- Born: May 26, 1880 Lynchburg, Virginia, US
- Died: April 4, 1958 (aged 77) Washington, D.C., US
- Burial place: Arlington National Cemetery
- Military career
- Branch: United States National Guard (1914–1917); United States Army (1917–1918);
- Service years: 1914–1918
- Rank: Captain
- Unit: 92nd Infantry Division
- Awards: Croix de Guerre; Distinguished Service Cross;

= Thomas E. Jones (doctor) =

Thomas Edward Jones was an African-American medical doctor and captain in the United States Army who was awarded both the French Croix de Guerre and American Distinguished Service Cross for his actions during the First World War.

== Early life ==
Jones was born on May 26, 1880, in Lynchburg, Virginia to Campbell and Emma Jones. Campbell Jones had been a green grocer. He graduated from Lynchburg High School in 1896 and went on to receive an undergraduate education from Howard University in Washington, D.C. Jones married Leonie Annette Sinkler on April 3, 1901, while he was still attending school and working as a watchman in government service. He entered the Howard University Medical School in 1908 and graduated with an M.D. degree in 1912. Jones then served as an intern at Freedmen's Hospital until October 1, 1913, when he was appointed the hospital's anesthetist, a position he held until 1917.

== Military service ==
As early as 1914, Jones was serving as a lieutenant in Company C of the First Separate Battalion of the District of Columbia National Guard. When the United States entered World War I in 1917, Jones volunteered for the Army Medical Reserve Corps and received sixty days of training at Fort Des Moines. On November 3, 1917, he was sent to Camp Meade, Maryland, to join the 368th Infantry Regiment of the 92nd Infantry Division.

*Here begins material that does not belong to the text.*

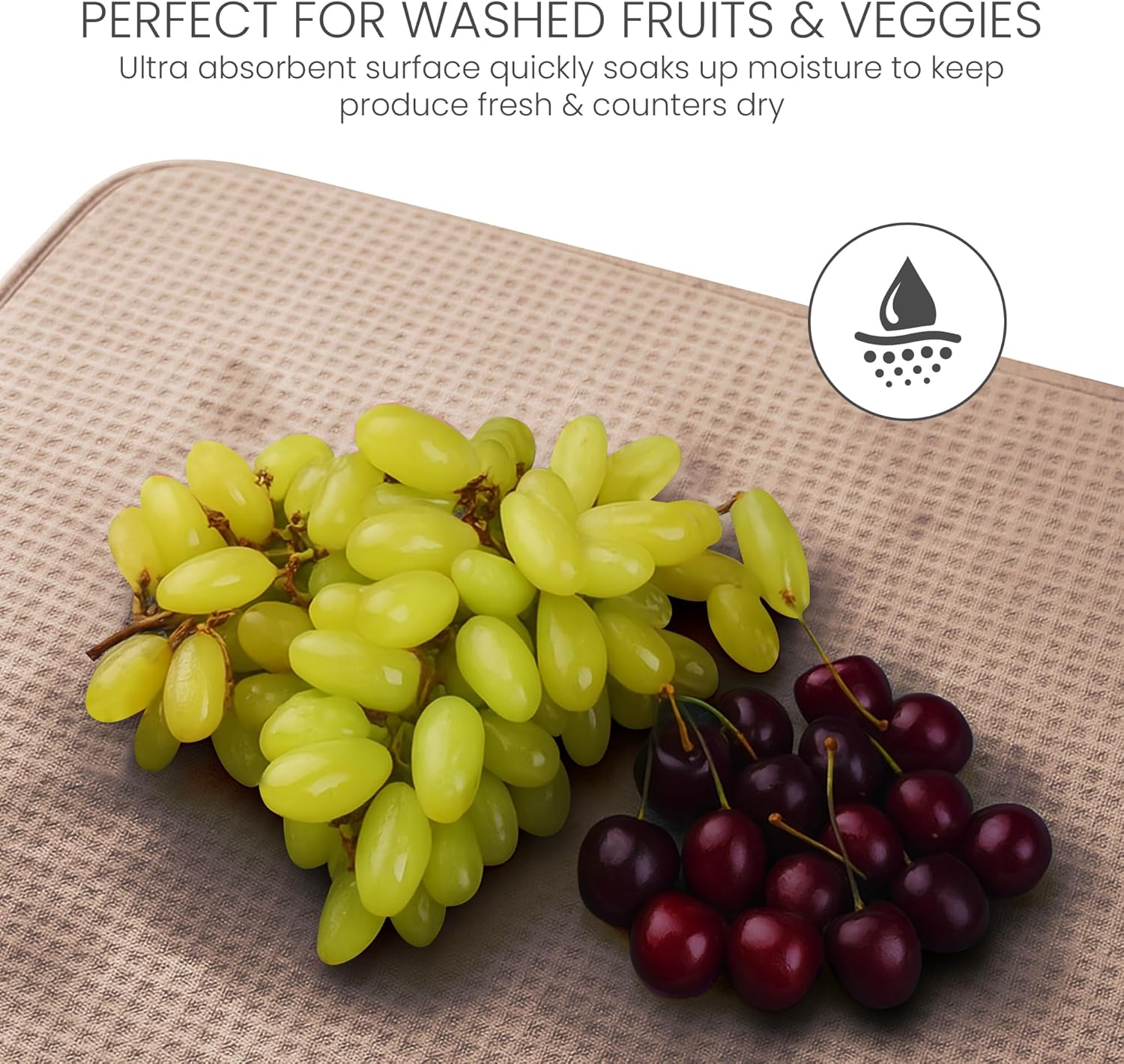 - THICKEST , STYLISH MAT | INNOVATIVE HONEYCOMB WEAVE: Keep your counter spotless even while washing a sink full of dishes . Our superbly stylish drying mat is among the thickest on the market today , and its innovative honeycomb microfiber structure enhances absorption and quickens drying time .

Jones was awarded the Croix de Guerre and Distinguished Service Cross for his actions near Binarville, France, during the Meuse-Argonne Offensive. On September 27, 1918, he "went into an open area subjected to direct machinegun fire to care for a wounded soldier who was being carried by another officer. While dressing the wounded runner, a machinegun bullet passed between his arms and his chest and a man was killed within a few yards of him. For this action he was promoted to captain, making him one of a handful of black officers in World War I."

== Post-war career ==
After the war, Jones returned to Washington D.C., where he served as Resident Assistant Surgeon at Freedmen's Hospital from 1919 to 1921, when he became assistant surgeon-in-chief. In 1936, he was promoted to surgeon-in-chief, a position he held until his retirement in 1942. He was a member of the National Medical Association, the National Association for the Advancement of Colored People, and the Alpha Phi Alpha and Chi Delta Mu fraternities. Jones was also part of the Legion of Valor and the James E. Walker Post of the American Legion.

== Death and legacy ==
After a long period of illness, Jones died of a coronary thrombosis on April 4, 1958. He was buried with full military honors at Arlington National Cemetery, next to Leonie, his first wife.

== Personal life==
Dr. Jones married Leonie Sinkler (1879–1939) in 1901. He remarried in May 1940 to Minerva Jenkins Jones, which lasted until his death. Dr. Jones had three children, Jeanette M., Emma Jane, and Thomas E. Jr.